Problem to solve -> Starting with the first line, output the data exactly, through to the last line.

BEGIN Extracted information

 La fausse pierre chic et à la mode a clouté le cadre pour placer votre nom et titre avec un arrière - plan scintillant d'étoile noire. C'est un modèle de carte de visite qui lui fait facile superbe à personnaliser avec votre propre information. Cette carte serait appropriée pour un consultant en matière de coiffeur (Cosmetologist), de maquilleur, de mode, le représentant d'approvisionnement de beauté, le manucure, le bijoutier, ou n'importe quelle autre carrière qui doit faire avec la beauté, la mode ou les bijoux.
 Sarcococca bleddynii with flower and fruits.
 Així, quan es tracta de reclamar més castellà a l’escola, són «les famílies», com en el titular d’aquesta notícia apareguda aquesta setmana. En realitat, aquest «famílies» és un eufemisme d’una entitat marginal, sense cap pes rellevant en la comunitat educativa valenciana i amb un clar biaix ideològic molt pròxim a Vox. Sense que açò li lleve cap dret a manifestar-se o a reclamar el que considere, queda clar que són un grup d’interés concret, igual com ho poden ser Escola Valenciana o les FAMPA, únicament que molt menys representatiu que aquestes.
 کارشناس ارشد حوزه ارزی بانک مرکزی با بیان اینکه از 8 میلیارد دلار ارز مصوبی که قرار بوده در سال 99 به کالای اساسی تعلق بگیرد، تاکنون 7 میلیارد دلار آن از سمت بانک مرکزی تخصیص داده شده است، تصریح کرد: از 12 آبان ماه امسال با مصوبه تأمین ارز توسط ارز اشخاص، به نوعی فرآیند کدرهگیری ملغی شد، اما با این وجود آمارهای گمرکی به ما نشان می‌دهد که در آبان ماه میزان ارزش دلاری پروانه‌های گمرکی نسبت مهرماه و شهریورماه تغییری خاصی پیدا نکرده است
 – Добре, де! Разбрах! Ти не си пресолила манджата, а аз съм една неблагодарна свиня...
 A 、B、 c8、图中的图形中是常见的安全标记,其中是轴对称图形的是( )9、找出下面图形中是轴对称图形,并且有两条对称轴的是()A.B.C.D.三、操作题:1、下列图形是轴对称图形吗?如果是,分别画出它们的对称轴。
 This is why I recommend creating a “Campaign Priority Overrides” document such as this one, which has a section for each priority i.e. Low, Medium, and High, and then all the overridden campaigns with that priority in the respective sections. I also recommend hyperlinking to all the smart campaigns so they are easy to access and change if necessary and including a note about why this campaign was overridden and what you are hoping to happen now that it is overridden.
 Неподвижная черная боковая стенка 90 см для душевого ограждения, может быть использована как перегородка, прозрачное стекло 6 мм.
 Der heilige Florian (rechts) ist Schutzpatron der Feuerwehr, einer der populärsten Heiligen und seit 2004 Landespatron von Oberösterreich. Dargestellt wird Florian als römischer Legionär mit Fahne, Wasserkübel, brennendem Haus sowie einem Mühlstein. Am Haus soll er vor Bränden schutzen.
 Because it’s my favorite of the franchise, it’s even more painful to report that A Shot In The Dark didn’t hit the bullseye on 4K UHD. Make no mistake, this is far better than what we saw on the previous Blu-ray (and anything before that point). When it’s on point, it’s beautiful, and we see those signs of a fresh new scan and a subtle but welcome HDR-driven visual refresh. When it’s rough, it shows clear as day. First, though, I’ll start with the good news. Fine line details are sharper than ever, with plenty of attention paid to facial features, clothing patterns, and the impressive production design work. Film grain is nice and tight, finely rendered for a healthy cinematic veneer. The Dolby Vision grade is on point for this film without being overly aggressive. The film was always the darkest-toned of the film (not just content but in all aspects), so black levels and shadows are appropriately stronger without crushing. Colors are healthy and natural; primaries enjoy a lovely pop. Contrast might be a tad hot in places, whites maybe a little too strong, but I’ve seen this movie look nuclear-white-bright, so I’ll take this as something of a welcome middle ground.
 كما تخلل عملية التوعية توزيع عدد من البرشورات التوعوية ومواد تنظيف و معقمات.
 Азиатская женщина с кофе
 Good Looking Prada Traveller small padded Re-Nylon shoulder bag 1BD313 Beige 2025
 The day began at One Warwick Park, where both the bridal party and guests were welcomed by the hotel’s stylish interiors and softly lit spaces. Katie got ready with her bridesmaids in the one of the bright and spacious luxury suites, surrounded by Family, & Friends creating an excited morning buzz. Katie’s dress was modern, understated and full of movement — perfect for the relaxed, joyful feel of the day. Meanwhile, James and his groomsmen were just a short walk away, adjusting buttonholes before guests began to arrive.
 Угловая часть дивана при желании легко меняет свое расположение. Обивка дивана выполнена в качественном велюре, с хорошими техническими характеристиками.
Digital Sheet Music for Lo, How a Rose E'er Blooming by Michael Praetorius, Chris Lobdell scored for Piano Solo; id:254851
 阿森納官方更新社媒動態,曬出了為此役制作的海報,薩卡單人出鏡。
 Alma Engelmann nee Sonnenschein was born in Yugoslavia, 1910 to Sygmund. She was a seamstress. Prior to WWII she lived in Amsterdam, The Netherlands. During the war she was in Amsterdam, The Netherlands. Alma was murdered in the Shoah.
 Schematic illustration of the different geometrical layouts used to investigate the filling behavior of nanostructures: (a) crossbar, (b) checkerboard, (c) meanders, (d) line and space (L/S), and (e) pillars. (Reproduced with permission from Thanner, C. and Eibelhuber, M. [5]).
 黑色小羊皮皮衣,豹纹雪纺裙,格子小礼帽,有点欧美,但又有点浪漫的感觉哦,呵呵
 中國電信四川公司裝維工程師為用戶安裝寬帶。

END Extracted information

Written response ->
 La fausse pierre chic et à la mode a clouté le cadre pour placer votre nom et titre avec un arrière - plan scintillant d'étoile noire. C'est un modèle de carte de visite qui lui fait facile superbe à personnaliser avec votre propre information. Cette carte serait appropriée pour un consultant en matière de coiffeur (Cosmetologist), de maquilleur, de mode, le représentant d'approvisionnement de beauté, le manucure, le bijoutier, ou n'importe quelle autre carrière qui doit faire avec la beauté, la mode ou les bijoux.
 Sarcococca bleddynii with flower and fruits.
 Així, quan es tracta de reclamar més castellà a l’escola, són «les famílies», com en el titular d’aquesta notícia apareguda aquesta setmana. En realitat, aquest «famílies» és un eufemisme d’una entitat marginal, sense cap pes rellevant en la comunitat educativa valenciana i amb un clar biaix ideològic molt pròxim a Vox. Sense que açò li lleve cap dret a manifestar-se o a reclamar el que considere, queda clar que són un grup d’interés concret, igual com ho poden ser Escola Valenciana o les FAMPA, únicament que molt menys representatiu que aquestes.
 کارشناس ارشد حوزه ارزی بانک مرکزی با بیان اینکه از 8 میلیارد دلار ارز مصوبی که قرار بوده در سال 99 به کالای اساسی تعلق بگیرد، تاکنون 7 میلیارد دلار آن از سمت بانک مرکزی تخصیص داده شده است، تصریح کرد: از 12 آبان ماه امسال با مصوبه تأمین ارز توسط ارز اشخاص، به نوعی فرآیند کدرهگیری ملغی شد، اما با این وجود آمارهای گمرکی به ما نشان می‌دهد که در آبان ماه میزان ارزش دلاری پروانه‌های گمرکی نسبت مهرماه و شهریورماه تغییری خاصی پیدا نکرده است
 – Добре, де! Разбрах! Ти не си пресолила манджата, а аз съм една неблагодарна свиня...
 A 、B、 c8、图中的图形中是常见的安全标记,其中是轴对称图形的是( )9、找出下面图形中是轴对称图形,并且有两条对称轴的是()A.B.C.D.三、操作题:1、下列图形是轴对称图形吗?如果是,分别画出它们的对称轴。
 This is why I recommend creating a “Campaign Priority Overrides” document such as this one, which has a section for each priority i.e. Low, Medium, and High, and then all the overridden campaigns with that priority in the respective sections. I also recommend hyperlinking to all the smart campaigns so they are easy to access and change if necessary and including a note about why this campaign was overridden and what you are hoping to happen now that it is overridden.
 Неподвижная черная боковая стенка 90 см для душевого ограждения, может быть использована как перегородка, прозрачное стекло 6 мм.
 Der heilige Florian (rechts) ist Schutzpatron der Feuerwehr, einer der populärsten Heiligen und seit 2004 Landespatron von Oberösterreich. Dargestellt wird Florian als römischer Legionär mit Fahne, Wasserkübel, brennendem Haus sowie einem Mühlstein. Am Haus soll er vor Bränden schutzen.
 Because it’s my favorite of the franchise, it’s even more painful to report that A Shot In The Dark didn’t hit the bullseye on 4K UHD. Make no mistake, this is far better than what we saw on the previous Blu-ray (and anything before that point). When it’s on point, it’s beautiful, and we see those signs of a fresh new scan and a subtle but welcome HDR-driven visual refresh. When it’s rough, it shows clear as day. First, though, I’ll start with the good news. Fine line details are sharper than ever, with plenty of attention paid to facial features, clothing patterns, and the impressive production design work. Film grain is nice and tight, finely rendered for a healthy cinematic veneer. The Dolby Vision grade is on point for this film without being overly aggressive. The film was always the darkest-toned of the film (not just content but in all aspects), so black levels and shadows are appropriately stronger without crushing. Colors are healthy and natural; primaries enjoy a lovely pop. Contrast might be a tad hot in places, whites maybe a little too strong, but I’ve seen this movie look nuclear-white-bright, so I’ll take this as something of a welcome middle ground.
 كما تخلل عملية التوعية توزيع عدد من البرشورات التوعوية ومواد تنظيف و معقمات.
 Азиатская женщина с кофе
 Good Looking Prada Traveller small padded Re-Nylon shoulder bag 1BD313 Beige 2025
 The day began at One Warwick Park, where both the bridal party and guests were welcomed by the hotel’s stylish interiors and softly lit spaces. Katie got ready with her bridesmaids in the one of the bright and spacious luxury suites, surrounded by Family, & Friends creating an excited morning buzz. Katie’s dress was modern, understated and full of movement — perfect for the relaxed, joyful feel of the day. Meanwhile, James and his groomsmen were just a short walk away, adjusting buttonholes before guests began to arrive.
 Угловая часть дивана при желании легко меняет свое расположение. Обивка дивана выполнена в качественном велюре, с хорошими техническими характеристиками.
Digital Sheet Music for Lo, How a Rose E'er Blooming by Michael Praetorius, Chris Lobdell scored for Piano Solo; id:254851
 阿森納官方更新社媒動態,曬出了為此役制作的海報,薩卡單人出鏡。
 Alma Engelmann nee Sonnenschein was born in Yugoslavia, 1910 to Sygmund. She was a seamstress. Prior to WWII she lived in Amsterdam, The Netherlands. During the war she was in Amsterdam, The Netherlands. Alma was murdered in the Shoah.
 Schematic illustration of the different geometrical layouts used to investigate the filling behavior of nanostructures: (a) crossbar, (b) checkerboard, (c) meanders, (d) line and space (L/S), and (e) pillars. (Reproduced with permission from Thanner, C. and Eibelhuber, M. [5]).
 黑色小羊皮皮衣,豹纹雪纺裙,格子小礼帽,有点欧美,但又有点浪漫的感觉哦,呵呵
 中國電信四川公司裝維工程師為用戶安裝寬帶。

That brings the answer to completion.